Justine Ayling and her husband Paul took their 12-yr-old son to Thailand for a new life and to be close to Paul’s retired parents.

They designed and built their own luxury home and enjoyed the balmy weather and beautiful beaches of Hua Hin, 160 miles south of Bangkok. Close by were Paul’s parents Anita and Michael, and Paul’s brother Stephen also ran a successful building business there.

But what they did not know was that in this Royal city, where the revered King of Thailand Bumiphol Adulyadej keeps his Summer Palace called ‘Far from worries’,  murders and attacks on foreigners are far from rare, particularly when business is involved.
 

But in keeping with the city’s royal image, it is claimed, the authorities have not exactly been pulling out all stops investigating some horrific attacks in the town.

Today Paul Ayling, 48, a carpenter and kitchen fitter is in a coma from which he may never recover. Justine is trying sell their £430,000 pool villa to get back home. Her memories are bitter. The family are divided.

Paul and Justine were already planning their return home last December.  Paul had decided Hua Hin was a place for retirees, not for him. Having sold his car Paul and Justine had just taken their Scott to private school on their small step-through Honda Fina motorbike last November 21st and were returning home when two men stepped out into the road, one with a wooden club.

Happier days in Thorpe Bay, Essex

The first went behind Paul’s bike. The second wielded his club crashing Mr. Ayling’s skull. Paul and Justine Ayling went veering off the road covered in blood and with Paul’s brains spilling out, and the two men casually wandered off dropping the wooden club in the middle of the road.

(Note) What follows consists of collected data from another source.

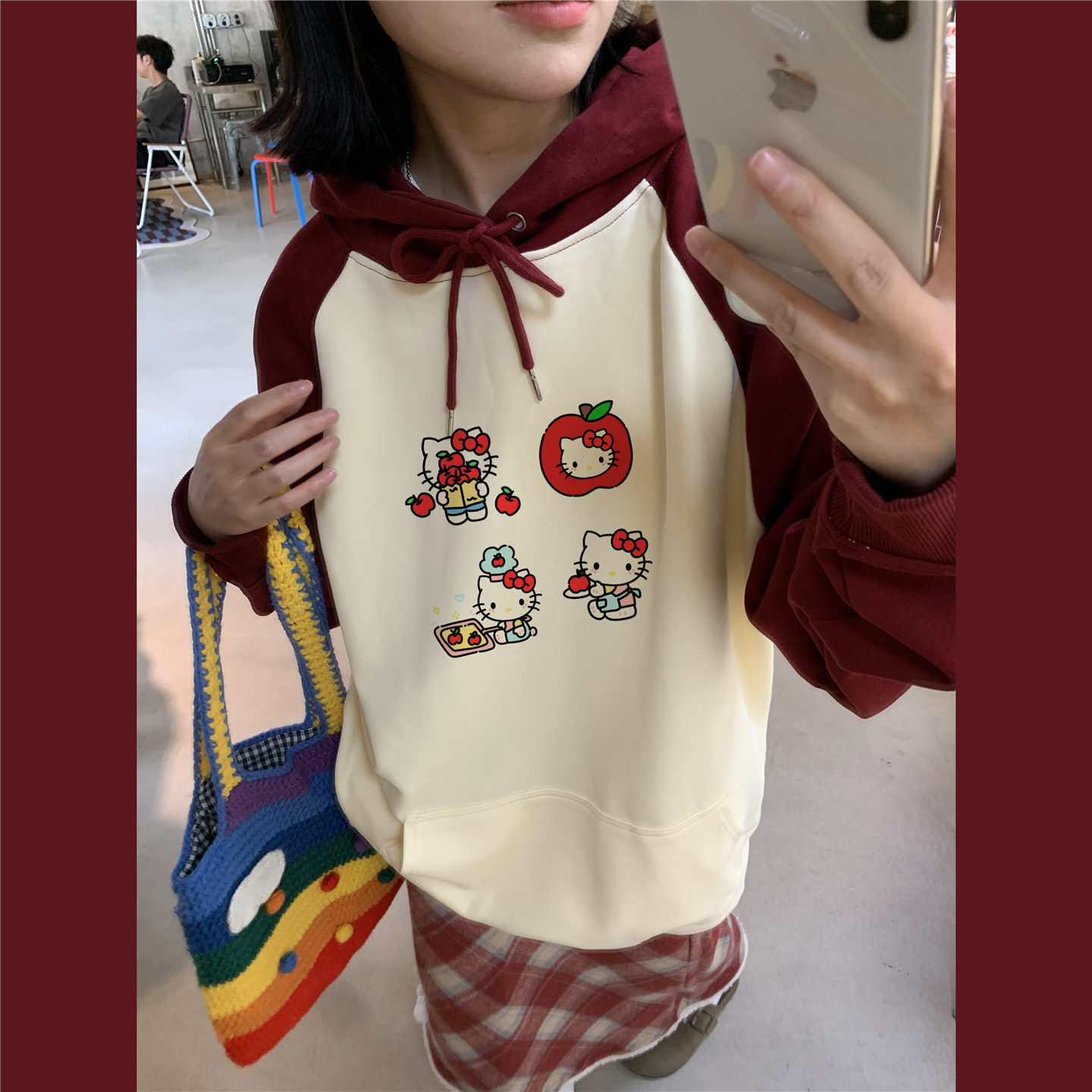 少女Kt苹果kitty猫连帽卫衣上衣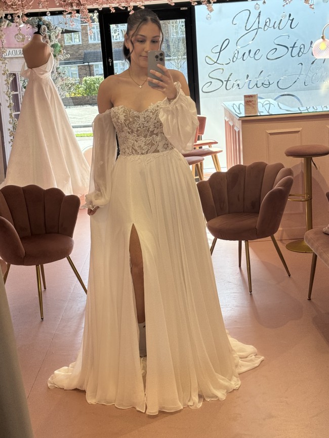 Created in a rich luxe chiffon, this A-line bridal dress was designed for a goddess. The illusion bodice is shaped with a sweetheart neckline, framed with airy off the shoulder blouson sleeves. Beaded embroidered chiffon appliqués accented by silver thread adorn the bodice and continue down to subtly detail the inside of the long sleeves. Covered buttons accent the illusion back bodice giving way to the flowing skirt complete with a walking slit.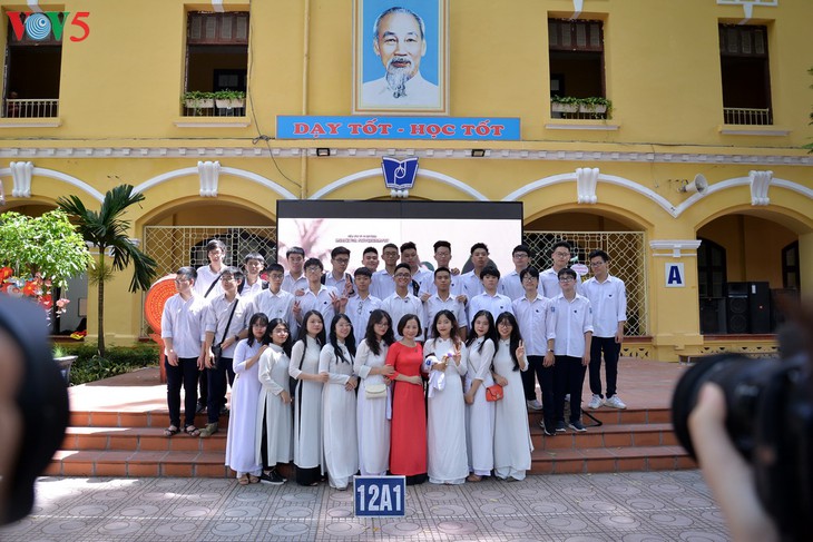 Ein großer Plakat im Hof der Oberschule Viet Duc mit tausenden Unterschriften der Zwölftklässler vor dem Abschied von der Schule. |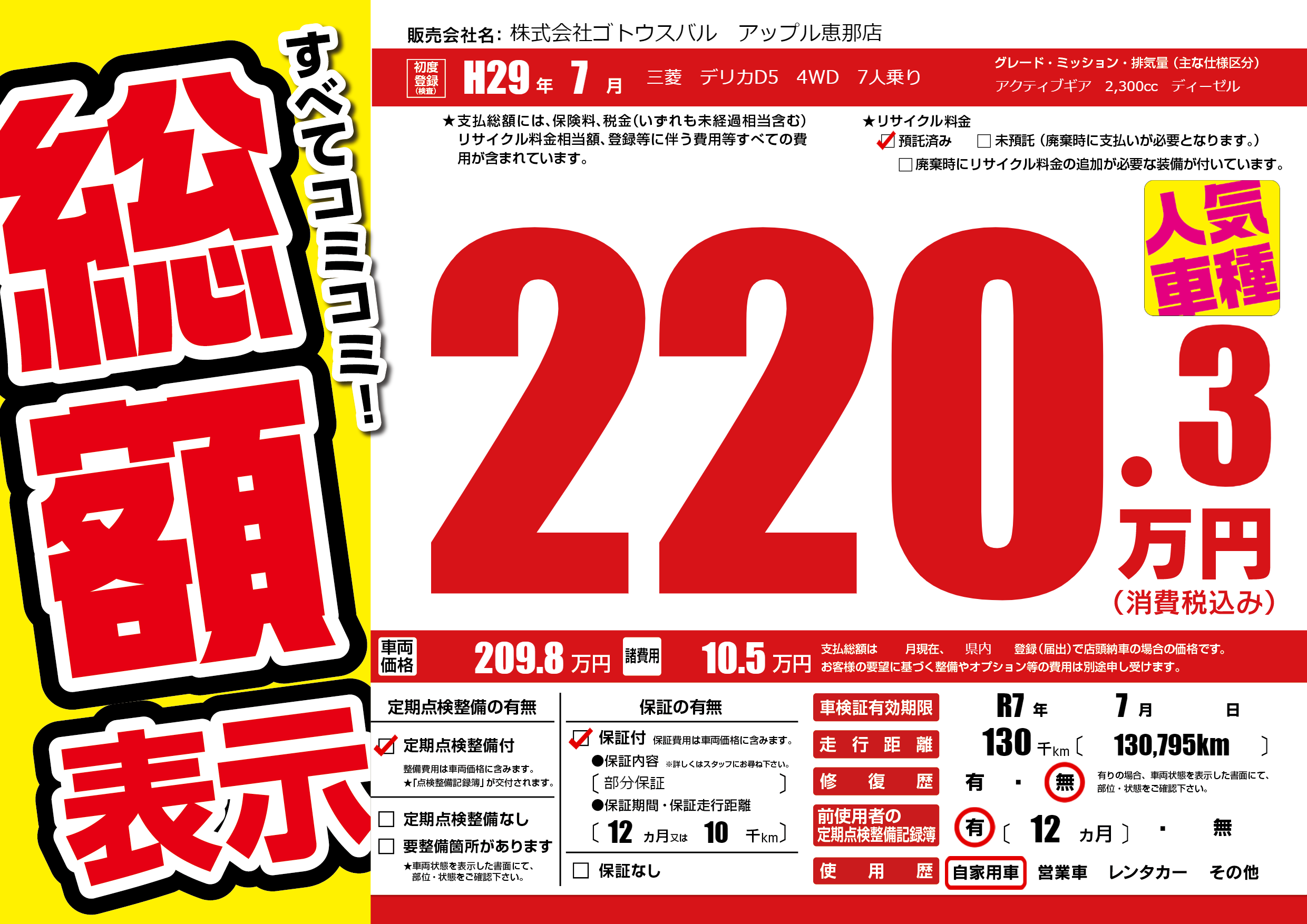 | 車検制限 | R7年 7月 - 日 | ||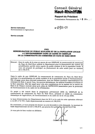 Dans le cadre de la mise en œuvre de son GERPLAN, la communauté de communes du Pays du Ried Brun sollicite le Département pour le financement des actions de sensibilisation qu’elle mène auprès du public scolaire et de la population locale. Il vous est proposé de participer au financement de cette action pour un montant de 6.198,59 €.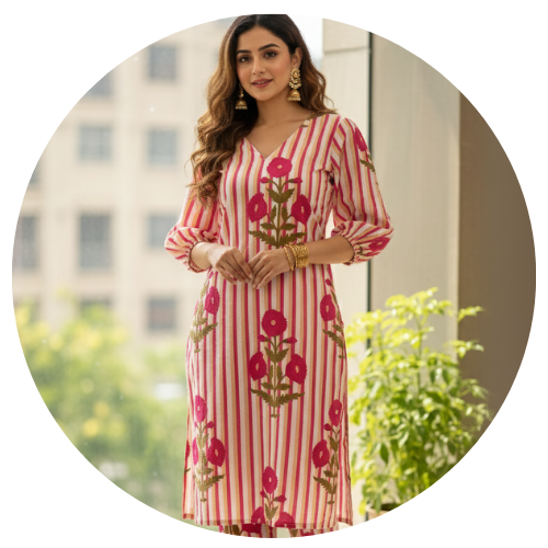 "The Kurti I ordered is super stylish and comfortable. Perfect for both office and daily wear. The stitching and color finishing feel very premium π"

Why? Paul’s father Michael Ayling, 69, from Canvey Island, put out a reward. Within five days he had been told the names of the attackers and who had hired them.  He is convinced it was just a warning. He is convinced the information he has been given is true. In fact he believes many people know.

Paul had been in dispute with a Thai company who had just completed a decorating contract on his house. He withheld £400 complaining of shoddy workman ship. Being in the trade himself he used a few expletives to describe their work – not an advisable move anywhere, but especially not in Thailand.

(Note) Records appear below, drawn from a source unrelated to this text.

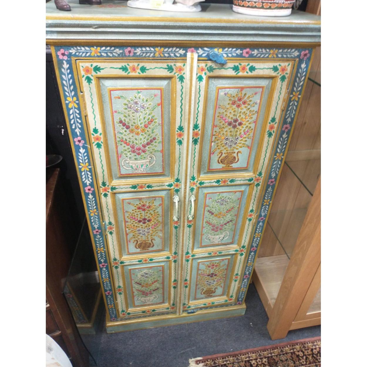 BRAND NEW ITEM UNUSED A vintage ALMIRAH tall cupboard with two doors with 3 bevelled - hand painted in both sides and top and front facia - TRULY A COLOURFUL STATEMENT STORAGE PIECE Dimensions 83cm x 35cm depth x 144cm height approx
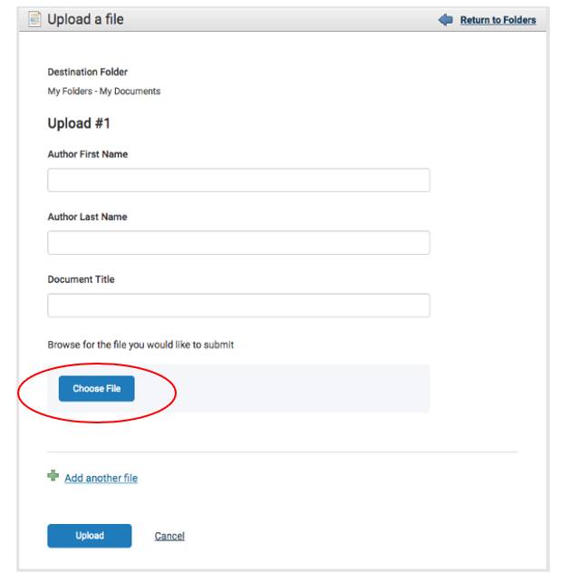在上传文件页面上,输入作者详细信息和文档标题。选择"Choose File"并上传我们的论文。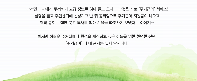 - 임차가구는 전월세비용을 지원하고, 자가가구는 낡은 집을 고쳐드립니다.

Said Justine,42 :  ‘The wallpaper had to be painted over because each roll was a different shade, and they left paint everywhere.  The carpenter also botched the job in the kitchen and Paul had to fix it himself. My husband is a carpenter and kitchen fitter himself and is meticulous about his work.  He withheld part of the payment, about £400, about one third, and had referred the matter to lawyers.’

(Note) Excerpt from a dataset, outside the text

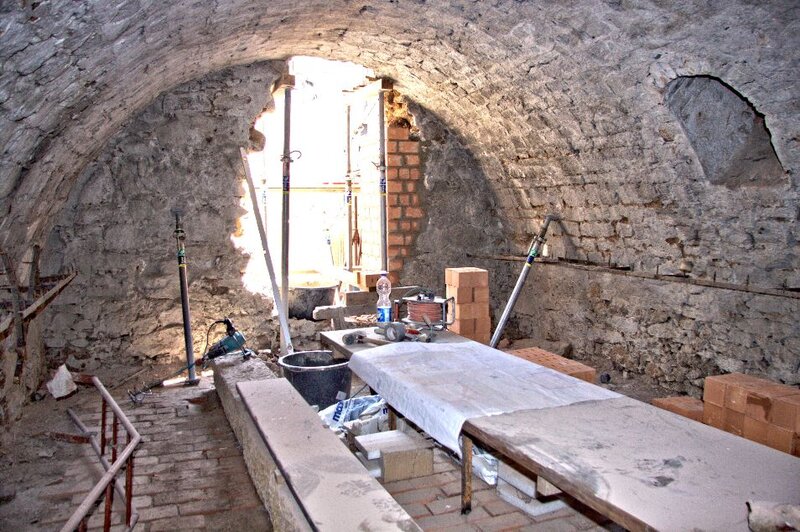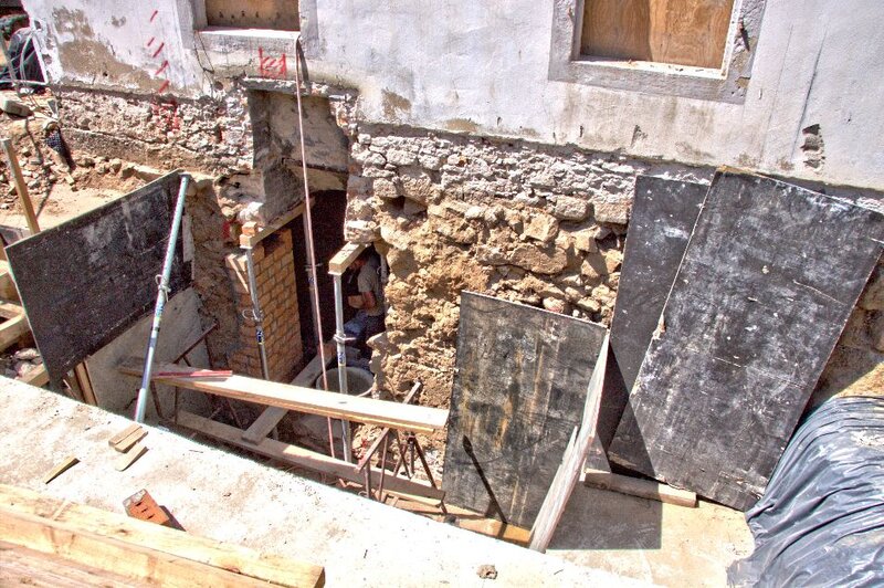 In den großen Kellerraum scheint nun das Tageslicht hinein, denn der neue Zugang ist gegenwärtig sehr intensiv in Bau.

But then she said they received an email unusually in word perfect English from the Thai contractor.

‘It would be better for you to pay us and have this finished once and for all. If you refuse to pay us we have other means to make you pay but let us do the best and soft way first. Please also pay the carpenters as they don’t know how to play soft’.

She added: ‘I held Paul in my arms. He was covered in blood. His brain was spilled out. It is difficult to believe someone would do something like this for the equivalent of £400’.

Michael Ayling passed the information on to police but he claims they seemed uninterested.  Police never did forensics at the scene of the crime. In fact they never even set up a crime scene, said Justine

Said Justine:   ‘After the attack I saw the man who hit Paul just throw the piece of the wood down in the road.  When police came to investigate they picked up, but did not wrap it up, and the last time I saw it, it was leaned against a cupboard in the police station.

“They never cordoned off the area to check whether either or both of these two men had been smoking or drinking while they waited.”

All this comes as little surprise to expatriates living in Hua Hin, one of whom refers to the town jokingly as ‘Hua Hit Man’.

But without exception they will only talk off the record about local police and politics.

Justine wrote to her local paper wishing to pay for an advertisement for witnesses to the incident.  She was quickly turned down.

This is the reply she got from the Editor, Gerard Mosselman who refused her advertisment:

‘Writing critically about crime does not help Hua Hin.  A former local foreign newspaper was closed because they criticised local developers and Thai Police.

‘We are a foreign News Media who have permission to make local and international tourist , real estate, events and other news except ..criminal and political news.

 ‘In addition, last week, an editor of a newspaper in Phuket was shot to death because he criticised publicly certain things he did not agree with. I hope you understand our situation. Publicising the deeds on your husband will , unfortunately, not reverse the brutal attack.’

Justine chokes back tears as she talks about the attack.’It’s hard to take this in. It was so senseless. Life is so cheap here yet in the brochures this is described as one of the friendliest places in the world.’